- Your task:
Please, without the pictures, retype exactly the lines from the start of the material through the line that holds "Representa en el".

Top of Recorded data

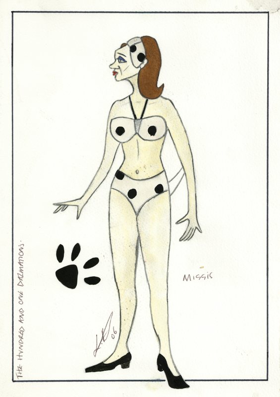 The final and real costume designs can be seen in The Hundred and One Dalmatians production photographs, in the related link below.
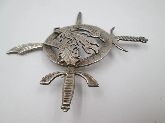 Representa en el anverso dos espadas entrelazadas en torno a una escena central calada de un caballero y un dragón separados por llamas y cuenta con el correspondiente alfiler en el reverso.
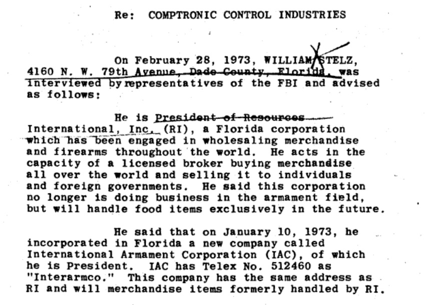Exactly how Interarmco (AKA International Armament Corporation AKA Interarms AKA ARMCO) was founded is a matter of slight discrepancy. The most common version of events is that Cummings himself founded the company, however one CIA document states that while he was involved from the beginning, he didn’t gain controlling interest until later. This document states that Cummings became the principle agent in 1954 and assumed sole ownership in early 1958. Another document refers to a different arms trafficker, William Stelz, incorporating the company about twenty years after it was allegedly founded.

Bottom of Recorded data

- The completed task:
 The final and real costume designs can be seen in The Hundred and One Dalmatians production photographs, in the related link below.
 Representa en el anverso dos espadas entrelazadas en torno a una escena central calada de un caballero y un dragón separados por llamas y cuenta con el correspondiente alfiler en el reverso.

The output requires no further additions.